<私の相場観>=カブドットコム証券・チーフストラテジスト 河合達憲氏

 安倍晋三自民党総裁の金融緩和への積極姿勢を評価した「安倍トレード」により、日経平均株価は800円程度上昇し、発射台がかさ上げされた。年内に9700~9800円に、来年3月末までには、今年3月高値の1万200円水準乗せも期待できそうだ。

 日本株上昇には、米株上昇と円安という「2つのエンジン点火」が必要。過去にこの両エンジンが揃った局面で日経平均は大幅上昇しており、今回その可能性が高い。

 NYダウ平均株価は、景気回復を背景に07年10月につけた史上最高値の1464ドルを射程圏に捉えてきそうだ。また、円ドル相場は、米10年債利回りの上昇も予想され、1ドル=90円へ向けて円安・ドル高傾向となりそうだ。
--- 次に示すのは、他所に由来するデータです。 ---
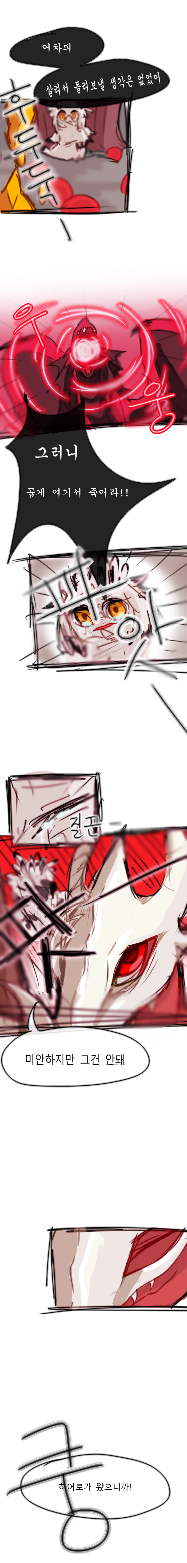 그냥 심심할 때마다 휘갈겨 그리는 거라 보기 불편할 것이며, 전투씬을 그렇게

 今後の投資アイディアとしては、①急速な円高修正②無制限の金融緩和③日本強靭化計画――がある。具体的には、本来の与信業務の回復が見込めるメガバンク3行をはじめ、不動産、電鉄、陸運、大手ゼネコン。円高修正でメリットを享受する精密機器。12月に14社のIPOが集中することから証券株にも注目。